# REQUIRED ACTION
Every line of the listing below should be written out exactly, minus its images.

# DATASET EXTRACT
Start of Block

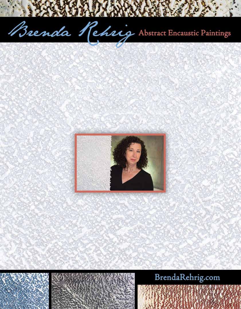 meaning the build-up of wax on surfaces — takes a lot of skill,” the artist notes. “The learning process was frustrating at times.” The average size of Rehrig’s paintings is 40 inches x 40 inches or larger, and she produces one piece at a time. Inspired by her love and respect for the natural world, Rehrig explores texture and luminosity by starting with a basic concept such as “Fog” or “Water” or “Sunrise” and lets the colors guide her. “I am trying to get away as far as possible from pictorial art. Through the use of certain colors I create a mood rather than a scene.”
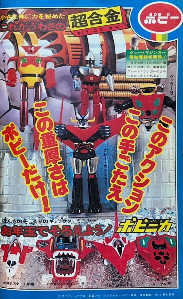 巻頭付録「甲児とさやかからの手紙」4色1p 巻頭付録「グレート・ゲッターカラー図解カード」4色4p グラビア「グレート・ゲッター記念アルバム」4色,「グレート・ゲッター体力・能力くらべ」2色 懸 賞 ポピー「超合金クイズ大会」4色8p 特 集「グレート・マジンガーのひみつ大百科」4色15p(南村喬之,関口猪一郎,小林壇) 特 集「全戦闘獣ひみつものしり百科」(成井紀郎)31p単色 記 事「きみはグレート派か?ゲッター派か?」(企画・構成/菊地忠昭)変形16p単色 マンガ「グレート・マジンガー対ゲッターロボ」(桜多吾作)94p(扉4色)/宇宙金属獣ギルギルガン登場! 広 告 バンダイ「グレート・マジンガー モデルボーグ」4色1p 広 告ポピー「超合金」「ポピニカシリーズ」裏表紙 |
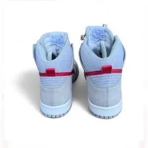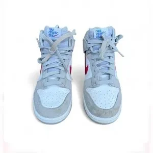 High-top sneakers with a bold red swoosh. Features a sleek gray and white design.
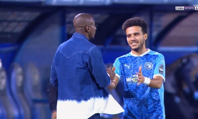 لقطة مصطفي فتحي مع موكوينا مدرب صن داونز في دوري ابطال افريقيا

End of Block

# TASK ANSWER
 meaning the build-up of wax on surfaces — takes a lot of skill,” the artist notes. “The learning process was frustrating at times.” The average size of Rehrig’s paintings is 40 inches x 40 inches or larger, and she produces one piece at a time. Inspired by her love and respect for the natural world, Rehrig explores texture and luminosity by starting with a basic concept such as “Fog” or “Water” or “Sunrise” and lets the colors guide her. “I am trying to get away as far as possible from pictorial art. Through the use of certain colors I create a mood rather than a scene.”
 巻頭付録「甲児とさやかからの手紙」4色1p 巻頭付録「グレート・ゲッターカラー図解カード」4色4p グラビア「グレート・ゲッター記念アルバム」4色,「グレート・ゲッター体力・能力くらべ」2色 懸 賞 ポピー「超合金クイズ大会」4色8p 特 集「グレート・マジンガーのひみつ大百科」4色15p(南村喬之,関口猪一郎,小林壇) 特 集「全戦闘獣ひみつものしり百科」(成井紀郎)31p単色 記 事「きみはグレート派か?ゲッター派か?」(企画・構成/菊地忠昭)変形16p単色 マンガ「グレート・マジンガー対ゲッターロボ」(桜多吾作)94p(扉4色)/宇宙金属獣ギルギルガン登場! 広 告 バンダイ「グレート・マジンガー モデルボーグ」4色1p 広 告ポピー「超合金」「ポピニカシリーズ」裏表紙 |
 High-top sneakers with a bold red swoosh. Features a sleek gray and white design.
 لقطة مصطفي فتحي مع موكوينا مدرب صن داونز في دوري ابطال افريقيا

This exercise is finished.